Theater review by Raven Snook
The manic inventiveness of the minimalist theater company Bedlam has yielded rich dividends in productions like Sense & Sensibility and What You Will. When the troupe misfires, however, its battiness gets boring. Five Bedlam vets, including director Eric Tucker, portray multiple parts in Uncle Romeo Vanya Juliet, a crash-up of Chekhov and Shakespeare with an emphasis on the former: It's a vodka martini with the Bard as the vermouth. Unfortunately, this dramatic cocktail does little to bring out the shows' shared themes of passion, obsession and betrayal.
During Act I, Kimberly Pau's new translation of Uncle Vanya is played broadly and frantically in the round, on a raw stage peppered with trees on rollers. Those unfamiliar with the text will get lost fast in the forest, even before Romeo and Juliet kicks in. Edmund Lewis earns a few laughs as the forlorn Vanya and his nagging mother, but Tucker's Astrov seems glib, Susannah Millonzi's Sonya wallows in self-pity and Randolph Curtis Rand's professor barely registers. Only the luminous Zuzanna Szadkowski manages to create a complete character as Yelena. With her husky inflections, expressive strut and sleepy-sad eyes, it's no wonder she's the object of all the men's desires.

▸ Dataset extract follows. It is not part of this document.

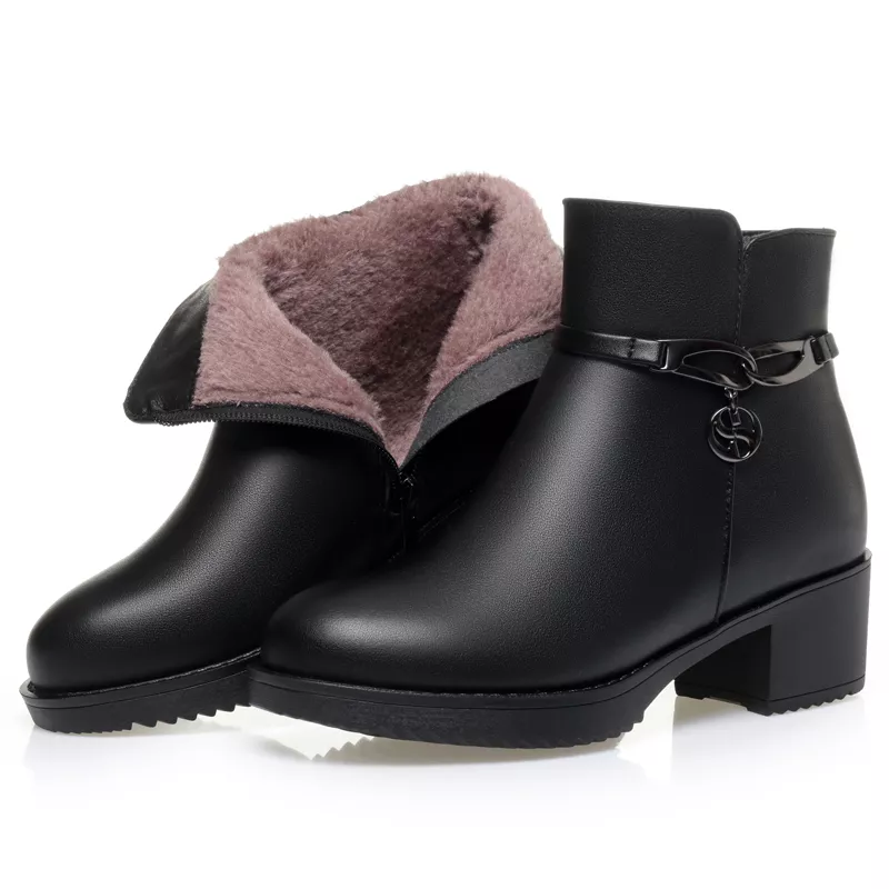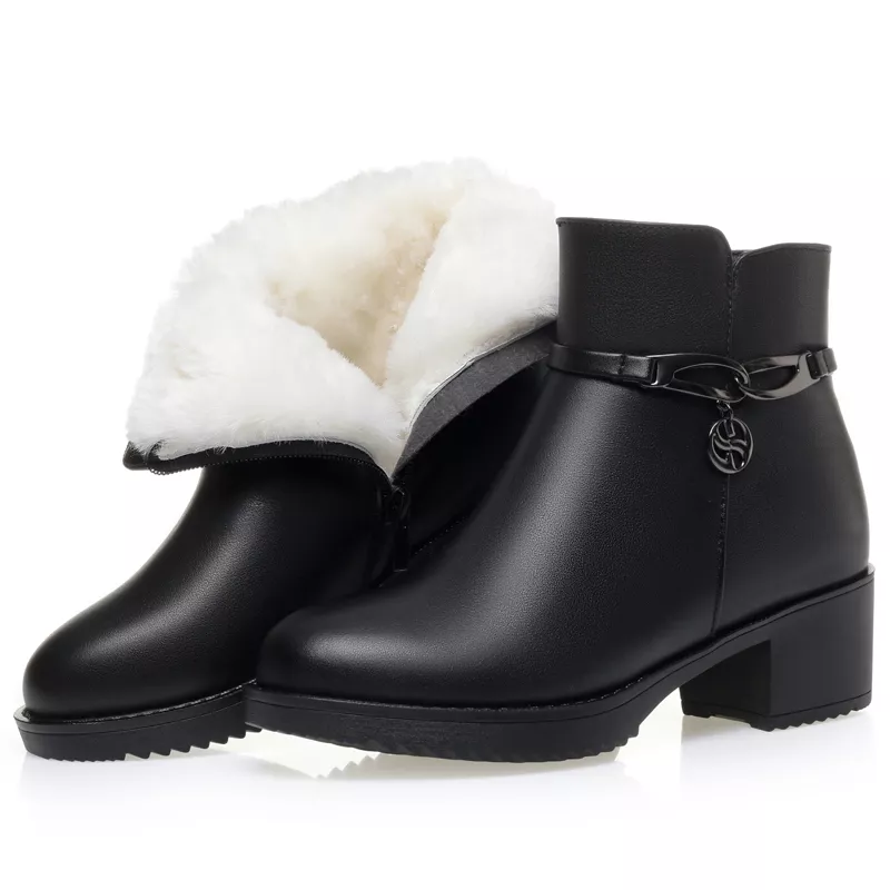 Women’s Genuine Leather Wool-Lined Winter Snow Boots with Zipper

Szadkowski also makes a fetching Juliet in the second act, when the trees have been replaced by Cold War–era metal desks because…who knows? So many choices in this overlong acting experiment raise that question. Bedlam's M.O. is to crack open classic texts and discover something unexpected and resonant inside them. But beneath a few nifty performances, there's nothing at the center this time. Like the balloon that inexplicably hovers just a few inches above the stage, Uncle Romeo Vanya Juliet is both lightweight and deflating.
A.R.T/New York Theatres (Off Broadway). By William Shakespeare and Anton Chekhov. Directed by Eric Tucker. With ensemble cast. Running time: 2hrs 30mins. One intermission.